§ **Your task**
A partial copy is required: transcribe exactly the lines from the one containing "[正規品] ゲスアンダーウェア [ブラ1+パンティー2]エアロクールロゴアウトバンドノワイヤーブラパンティーセット" through the last line below, without any pictures.

§ **Supplied information**
Segment Open

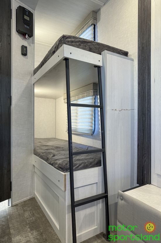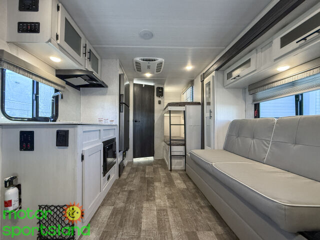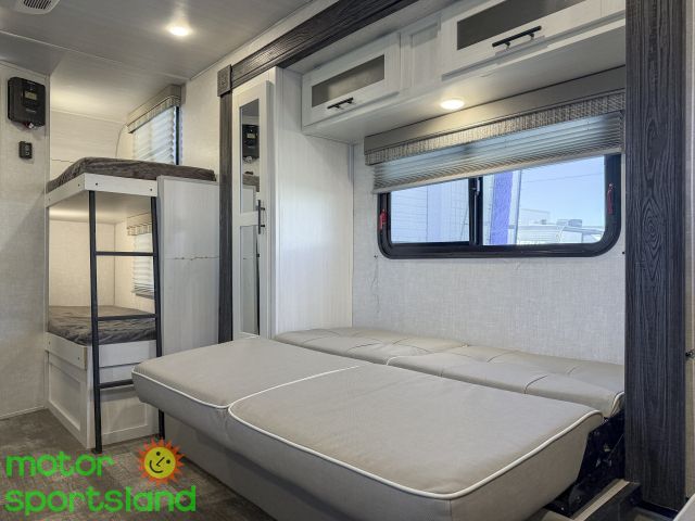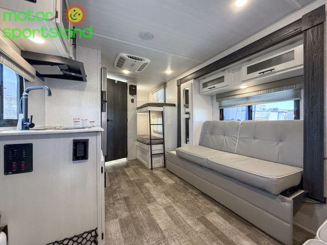 Family-Friendly Design: Sleeps up to 5 with a bunkhouse layout, ensuring everyone has a comfy spot to rest after a day of adventure. Luxury on the Go: Features a premium interior with modern amenities, including a fully equipped kitchen and cozy dinette for family meals. Ultimate Comfort: Enjoy a private queen bed, air conditioning, and ample storage to keep your essentials organized and accessible. Compact Versatility: Lightweight and easy to tow, this travel trailer fits seamlessly into your active lifestyle without sacrificing space.
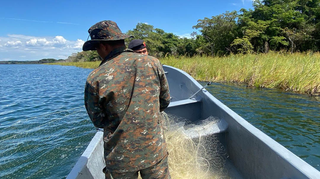 El lunes 20 de abril se realizó el decomiso de un arte de pesca ilegal en el Lago Petén Itzá, luego de que se recibiera una denuncia por la presencia de un trasmallo no autorizado.
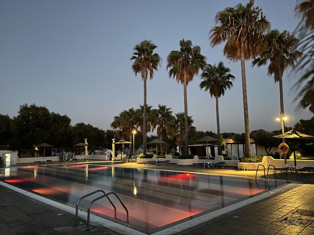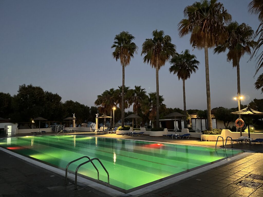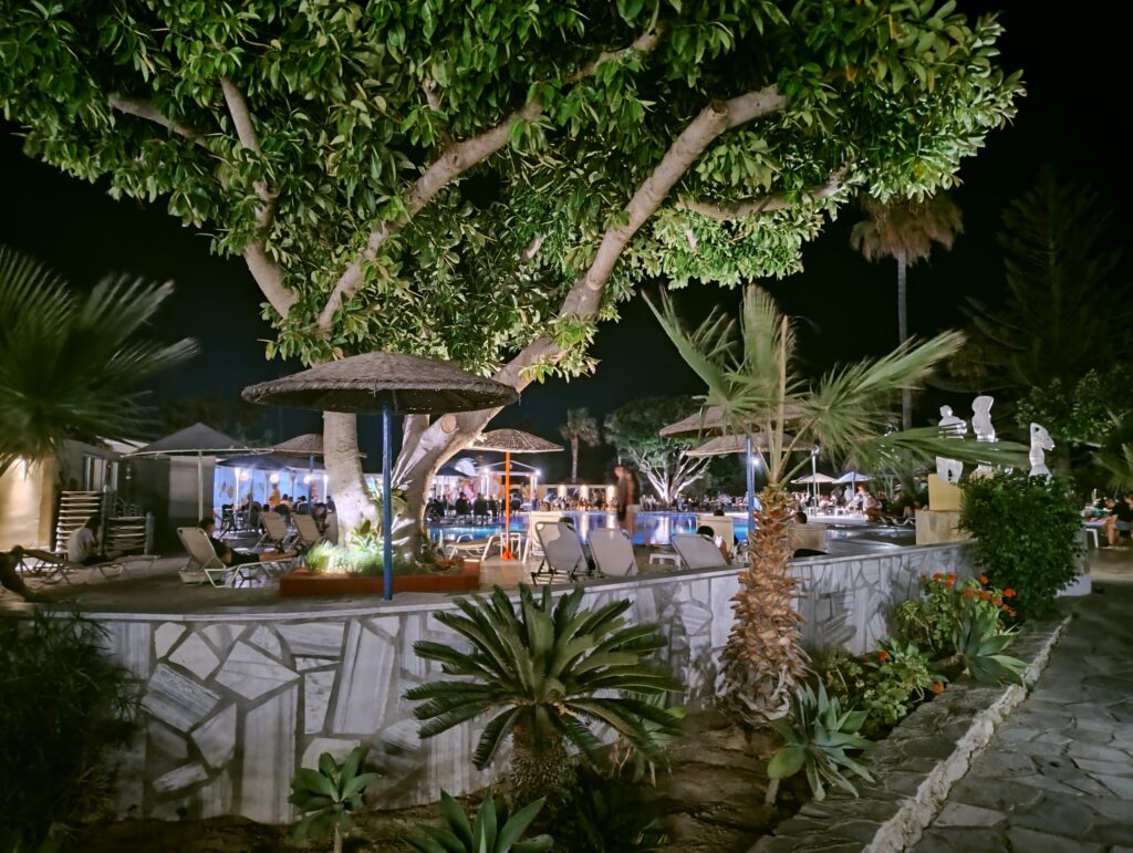 Nie warto zajmować sobie leżaków przed godziną 8:00 rano, ponieważ raz tak zrobiliśmy wracając w nocy z klubu karaoke i gdy przyszliśmy po śniadaniu, to na naszych leżakach nie było ręczników. Odnaleźliśmy je w barze przy basenie głównym. Obsługa je zabrała przy porannym sprzątaniu części rekreacyjnej hotelu. Natomiast warto przyjść tutaj wcześniej przed rozpoczęciem wieczornych animacji i zająć sobie miejsce przy stoliku z widokiem na pięknie oświetlone baseny.
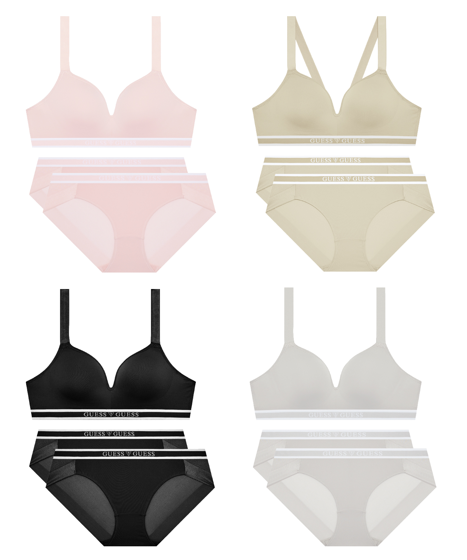 [正規品] ゲスアンダーウェア [ブラ1+パンティー2]エアロクールロゴアウトバンドノワイヤーブラパンティーセット [関税込み]
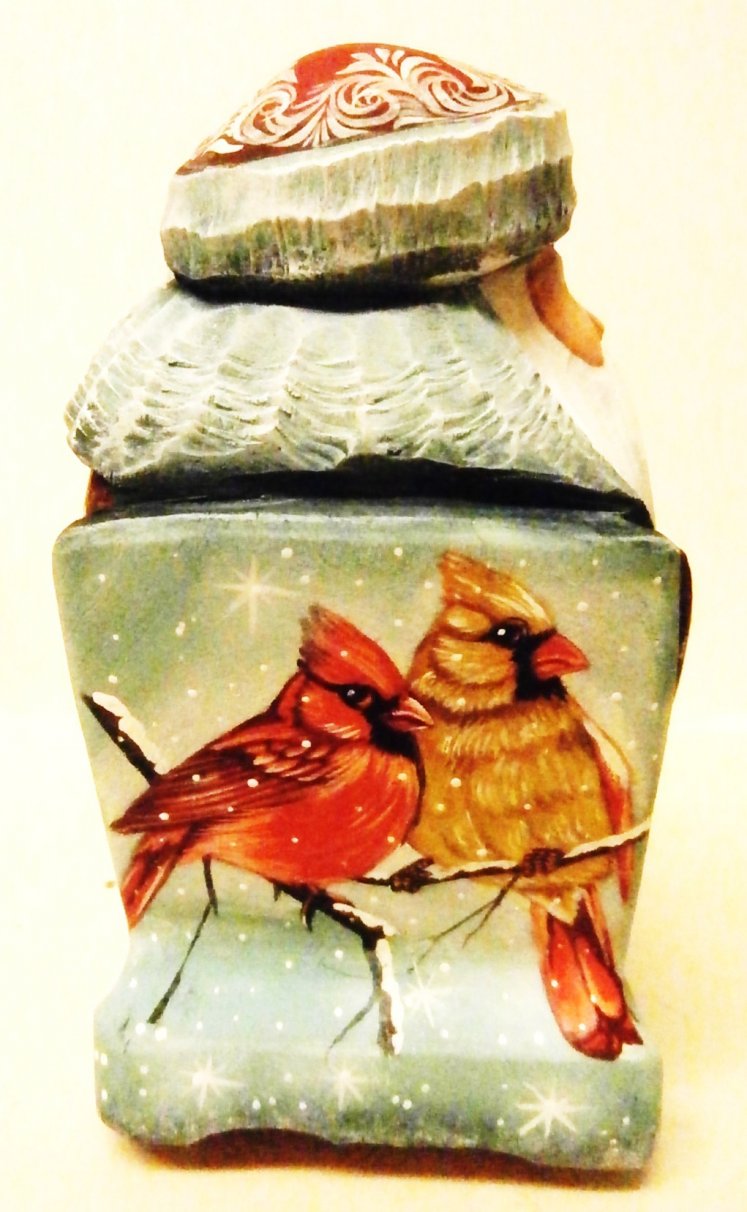 "Santa on the Sled with Birds", 5"H s980, Russian Wooden Santa
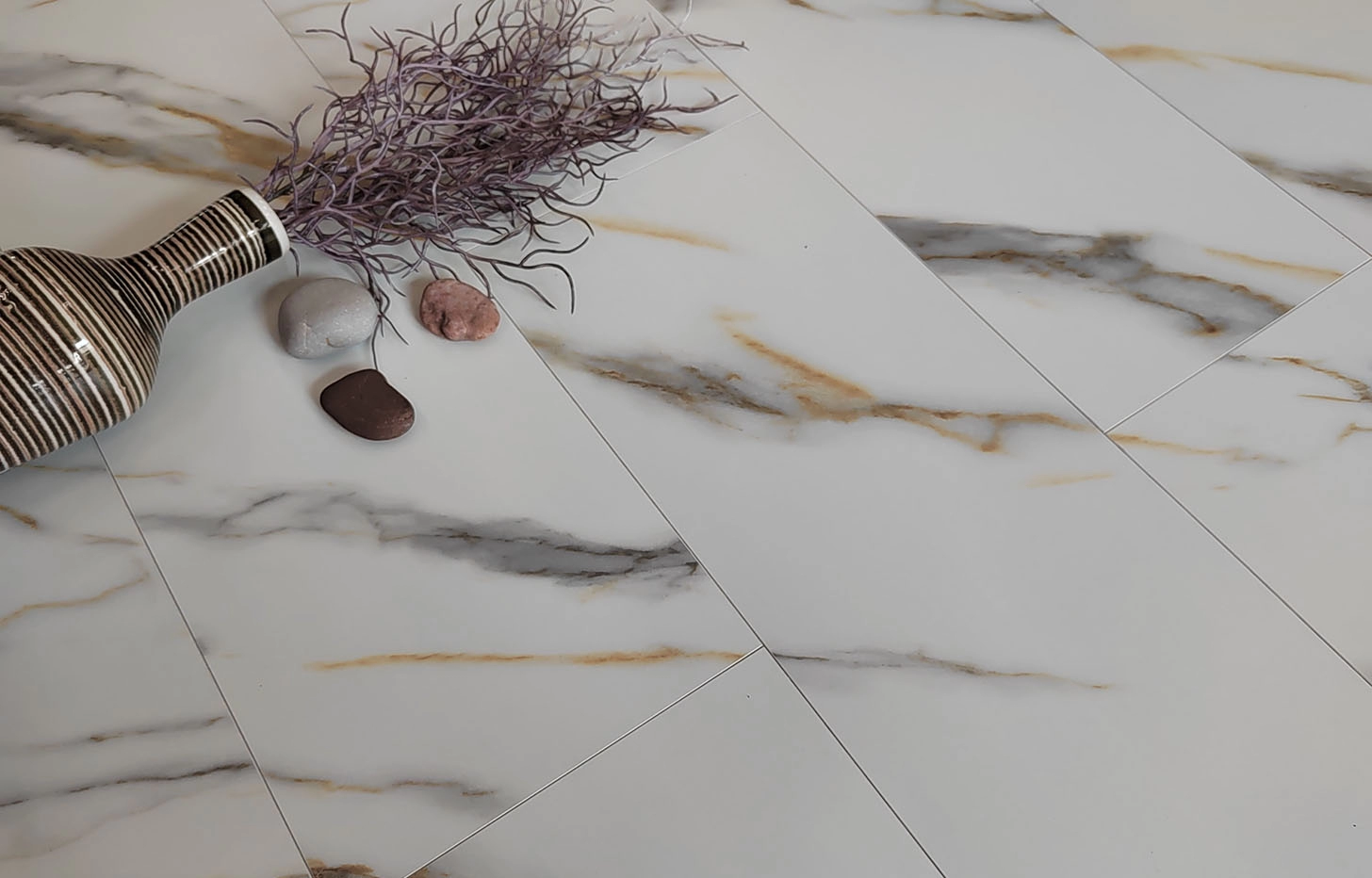 Ламинат MSPC Stone Floor Мрамор Бело-золотой

Segment Closed

§ **Reply to the exercise**
 [正規品] ゲスアンダーウェア [ブラ1+パンティー2]エアロクールロゴアウトバンドノワイヤーブラパンティーセット [関税込み]
 "Santa on the Sled with Birds", 5"H s980, Russian Wooden Santa
 Ламинат MSPC Stone Floor Мрамор Бело-золотой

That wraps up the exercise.